New revenue recognition standard will require preparers to adjust
Three standard-setting icons weigh in on the progress and implications of the proposed converged revenue recognition rules.
September 6, 2012
FASB and the International Accounting Standards Board (IASB) remain on track to release a converged standard on revenue recognition in the first half of 2013 despite the fact that the existing standards in U.S. GAAP and IFRS differ vastly in specificity.
Question-and-answer sessions with standard-setting icons Sir David Tweedie, Robert Herz, and Paul Cherry suggest the boards have overcome significant hurdles to arrive at a converged standard. The trio sat for the interviews after a panel discussion this spring at the AICPA office in New York.
“When we looked at these standards, the U.S. has some 200 recommendations for revenue recognition,” said Tweedie, former IASB chairman. “We had two standards, which were just pretty high-level. We needed more. You needed a lot less.”
The core principle of the converged revenue recognition model is that revenue should depict the transfer of promised goods or services to customers in an amount that the company expects it will be entitled to be paid for those goods and services.
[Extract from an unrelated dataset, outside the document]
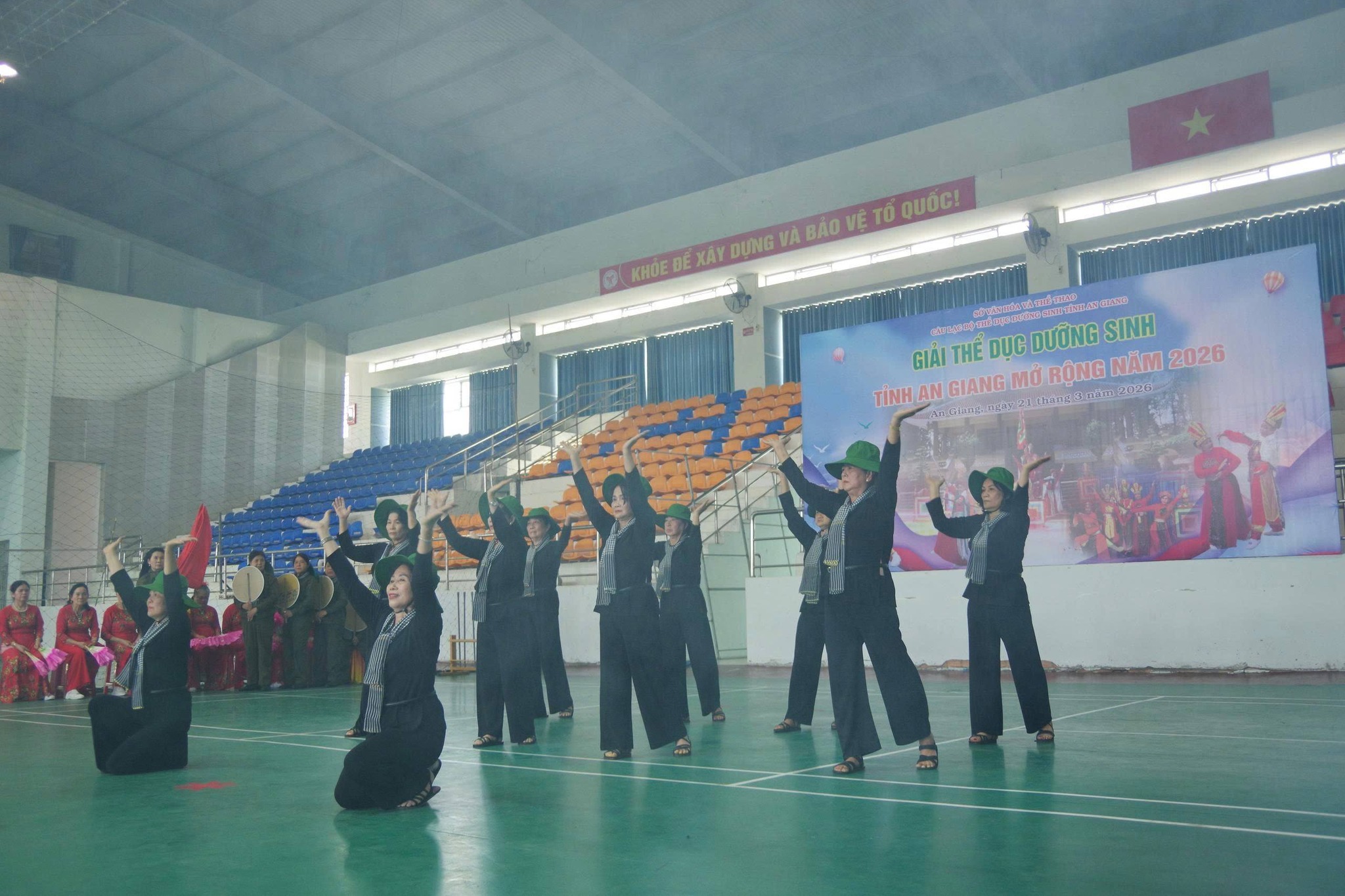 Tham dự giải thể dục dưỡng sinh tỉnh An Giang mở rộng năm 2026 có sự góp mặt của 18 Câu lạc bộ với gần 300 hội viên, đại diện cho các Câu lạc bộ Thể dục dưỡng sinh đến từ các tỉnh Vĩnh Long, Cần Thơ, Thành phố Hồ Chí Minh, Tây Ninh và các xã, phường trên địa bàn tỉnh An Giang. Các đội đã thi đấu ở 05 nội dung: Võ thuật có dụng cụ; Thể dục dưỡng sinh; Biểu diễn dưỡng sinh nghệ thuật; Thái cực quyền và Võ dưỡng sinh. Với nhiều động tác được thể hiện hết sức nhuần nhuyễn, linh hoạt, mềm mại, đẹp mắt đã tạo được sự say mê, thích thú cho người xem. Kết thúc giải, Ban tổ chức đã trao huy chương vàng và huy chương bạc cho các đội thi đấu có thành tích tốt.

To identify that amount, FASB and IASB proposed a five-step process:
A big hurdle is that, in the United States, industries are used to having their own specific guidance regarding revenue recognition, Tweedie said. In the health care sector, for instance, complex contractual relationships can involve multiple parties (patient, physician, hospital, and third-party payer), making it difficult to identify the contract with a customer.
Nonetheless, he said, health care and other industries around the world have managed to apply the current IASB guidance without difficulty.
“Everyone else has health care as well,” he said, “and you know, nobody else seems to be panicking. … And the real problem you’ve got is if you have revenue recognition rules for the health [care] industry, and then a different one for automotives or telecoms, there’s no theme to it at all. … Why don’t we just set a principle?”
Former FASB Chairman Robert Herz said revenue recognition is the largest, most important project the boards have undertaken together and it has been a model of the way standard setting ought to be done. He said the boards formed working groups with industry experts to learn what kind of guidance they would need.
Herz said the second exposure draft, which was released in November 2011, contained lots of examples.
“They’ve engaged many, many different industries and companies, taking the guidance as it exists and rolling through their revenue streams,” he said.
Still, Cherry considered revenue recognition as probably the single most challenging standard with respect to the appropriate amount of guidance for preparers. He suggested the principles of the converged standard could be field-tested, to see whether they are articulated in a way that is practical for different industries or whether they require more work.
“My expectation is that over the next few years, yes, we will see additional implementation guidance around that general revenue recognition standard,” Cherry said, “and maybe some of those examples will be industry specific.”